#### Data records
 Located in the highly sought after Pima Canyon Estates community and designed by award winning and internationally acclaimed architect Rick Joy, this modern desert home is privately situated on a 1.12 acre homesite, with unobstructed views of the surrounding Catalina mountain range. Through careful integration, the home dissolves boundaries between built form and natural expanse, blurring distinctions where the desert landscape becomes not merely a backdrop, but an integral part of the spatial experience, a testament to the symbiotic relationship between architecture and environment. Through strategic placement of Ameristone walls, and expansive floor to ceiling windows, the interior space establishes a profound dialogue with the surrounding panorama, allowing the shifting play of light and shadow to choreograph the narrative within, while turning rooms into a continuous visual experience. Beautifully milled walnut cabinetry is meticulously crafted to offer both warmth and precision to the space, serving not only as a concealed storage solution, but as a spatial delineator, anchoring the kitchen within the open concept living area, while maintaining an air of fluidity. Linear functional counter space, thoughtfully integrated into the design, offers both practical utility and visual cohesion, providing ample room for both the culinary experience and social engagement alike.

---

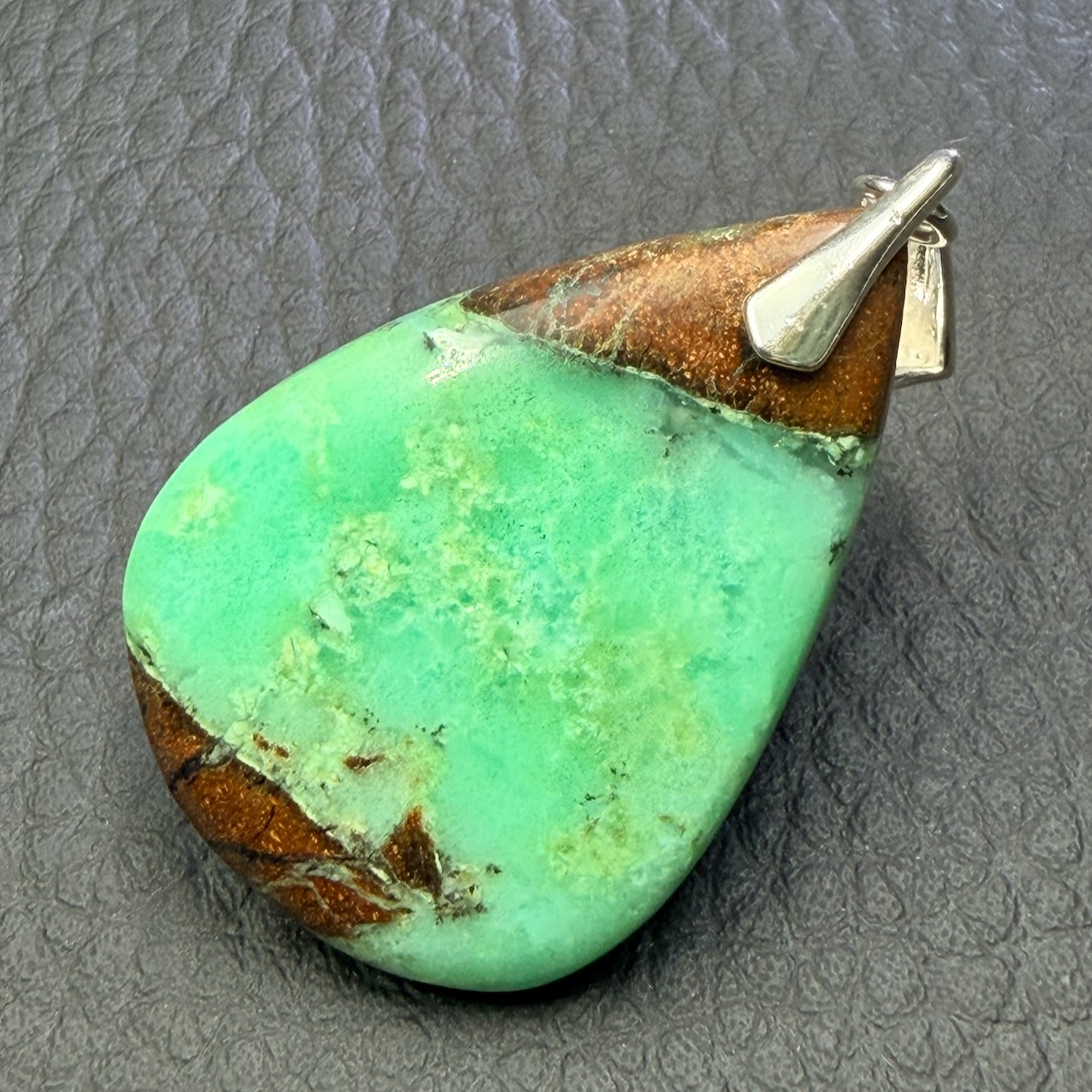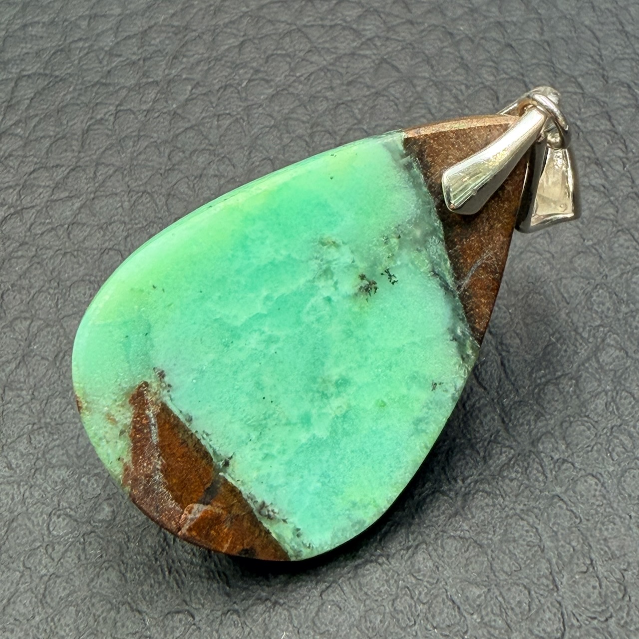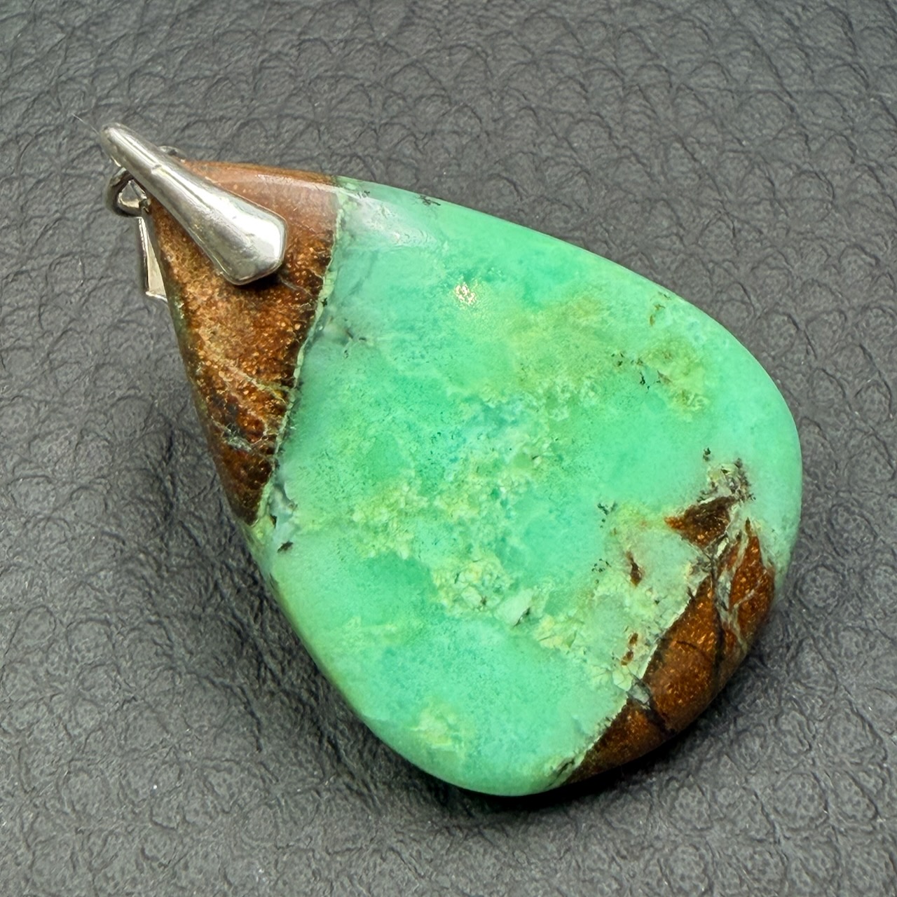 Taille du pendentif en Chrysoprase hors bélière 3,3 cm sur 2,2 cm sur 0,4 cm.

---

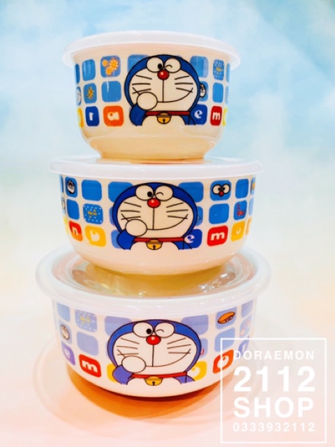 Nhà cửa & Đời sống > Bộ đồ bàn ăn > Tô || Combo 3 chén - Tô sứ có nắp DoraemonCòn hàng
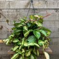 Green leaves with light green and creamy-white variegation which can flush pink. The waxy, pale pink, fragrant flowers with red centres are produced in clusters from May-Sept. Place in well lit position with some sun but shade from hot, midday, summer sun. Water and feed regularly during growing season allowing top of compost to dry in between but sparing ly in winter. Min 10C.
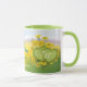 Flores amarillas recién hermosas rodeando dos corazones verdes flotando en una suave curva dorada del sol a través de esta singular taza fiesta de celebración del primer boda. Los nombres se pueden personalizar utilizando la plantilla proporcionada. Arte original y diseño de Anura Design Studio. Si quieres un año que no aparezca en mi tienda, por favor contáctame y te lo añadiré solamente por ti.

#### To do
Range to copy from the listing above: the line containing "Nhà cửa & Đời" down to the line containing "Flores amarillas recién", both included. Reproduce it exactly, minus the pictures, and add nothing.

#### Output of the exercise
 Nhà cửa & Đời sống > Bộ đồ bàn ăn > Tô || Combo 3 chén - Tô sứ có nắp DoraemonCòn hàng
 Green leaves with light green and creamy-white variegation which can flush pink. The waxy, pale pink, fragrant flowers with red centres are produced in clusters from May-Sept. Place in well lit position with some sun but shade from hot, midday, summer sun. Water and feed regularly during growing season allowing top of compost to dry in between but sparing ly in winter. Min 10C.
 Flores amarillas recién hermosas rodeando dos corazones verdes flotando en una suave curva dorada del sol a través de esta singular taza fiesta de celebración del primer boda. Los nombres se pueden personalizar utilizando la plantilla proporcionada. Arte original y diseño de Anura Design Studio. Si quieres un año que no aparezca en mi tienda, por favor contáctame y te lo añadiré solamente por ti.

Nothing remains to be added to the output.